=== Required work ===
Scan the records beneath this line for the line holding "202005/18 GTR・・・手強いやつ今日やり切ったる! メンテナンス・大将商会" and the line holding "Welch' herrliche Idee", then transcribe exactly those two and all lines between.

=== Entries shown ===
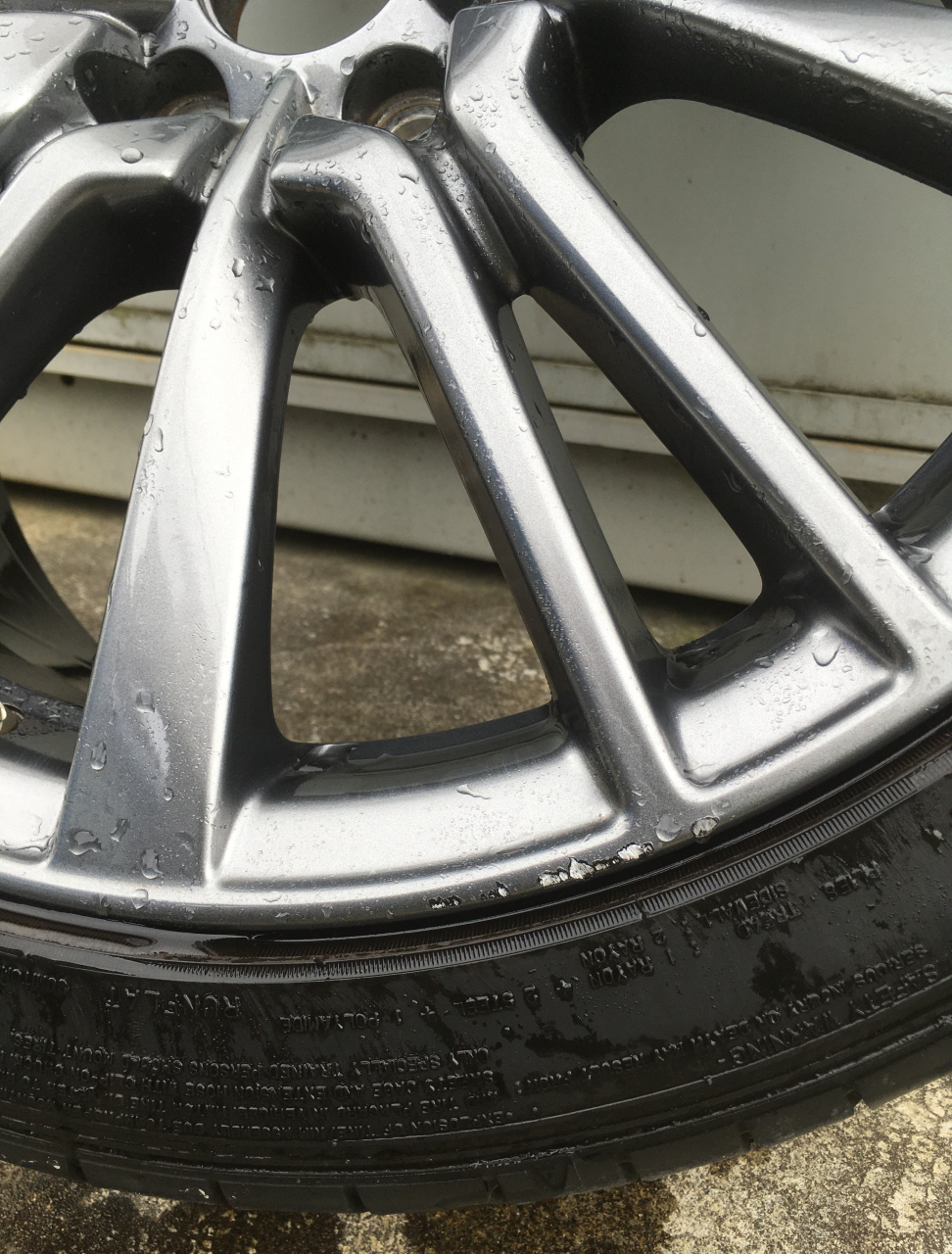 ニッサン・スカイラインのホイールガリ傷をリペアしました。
--
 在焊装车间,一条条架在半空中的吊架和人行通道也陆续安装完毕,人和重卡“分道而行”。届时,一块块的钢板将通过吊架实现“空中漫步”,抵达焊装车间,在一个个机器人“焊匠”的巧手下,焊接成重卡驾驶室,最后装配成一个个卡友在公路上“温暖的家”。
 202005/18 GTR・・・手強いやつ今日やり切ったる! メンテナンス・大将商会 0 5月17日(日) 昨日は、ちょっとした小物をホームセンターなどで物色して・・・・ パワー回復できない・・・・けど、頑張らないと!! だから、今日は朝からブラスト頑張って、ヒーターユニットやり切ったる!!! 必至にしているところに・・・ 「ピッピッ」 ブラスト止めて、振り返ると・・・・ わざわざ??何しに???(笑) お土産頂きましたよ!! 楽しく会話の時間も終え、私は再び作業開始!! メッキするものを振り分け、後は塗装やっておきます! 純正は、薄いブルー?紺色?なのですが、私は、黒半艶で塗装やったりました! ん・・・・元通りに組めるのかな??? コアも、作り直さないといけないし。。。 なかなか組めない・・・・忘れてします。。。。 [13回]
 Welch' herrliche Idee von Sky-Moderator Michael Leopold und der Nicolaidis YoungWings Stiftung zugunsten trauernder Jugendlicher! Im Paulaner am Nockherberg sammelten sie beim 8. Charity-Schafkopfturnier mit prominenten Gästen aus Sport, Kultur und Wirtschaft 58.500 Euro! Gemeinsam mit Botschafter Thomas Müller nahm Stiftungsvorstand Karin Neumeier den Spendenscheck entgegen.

=== Answer section ===
 202005/18 GTR・・・手強いやつ今日やり切ったる! メンテナンス・大将商会 0 5月17日(日) 昨日は、ちょっとした小物をホームセンターなどで物色して・・・・ パワー回復できない・・・・けど、頑張らないと!! だから、今日は朝からブラスト頑張って、ヒーターユニットやり切ったる!!! 必至にしているところに・・・ 「ピッピッ」 ブラスト止めて、振り返ると・・・・ わざわざ??何しに???(笑) お土産頂きましたよ!! 楽しく会話の時間も終え、私は再び作業開始!! メッキするものを振り分け、後は塗装やっておきます! 純正は、薄いブルー?紺色?なのですが、私は、黒半艶で塗装やったりました! ん・・・・元通りに組めるのかな??? コアも、作り直さないといけないし。。。 なかなか組めない・・・・忘れてします。。。。 [13回]
 Welch' herrliche Idee von Sky-Moderator Michael Leopold und der Nicolaidis YoungWings Stiftung zugunsten trauernder Jugendlicher! Im Paulaner am Nockherberg sammelten sie beim 8. Charity-Schafkopfturnier mit prominenten Gästen aus Sport, Kultur und Wirtschaft 58.500 Euro! Gemeinsam mit Botschafter Thomas Müller nahm Stiftungsvorstand Karin Neumeier den Spendenscheck entgegen.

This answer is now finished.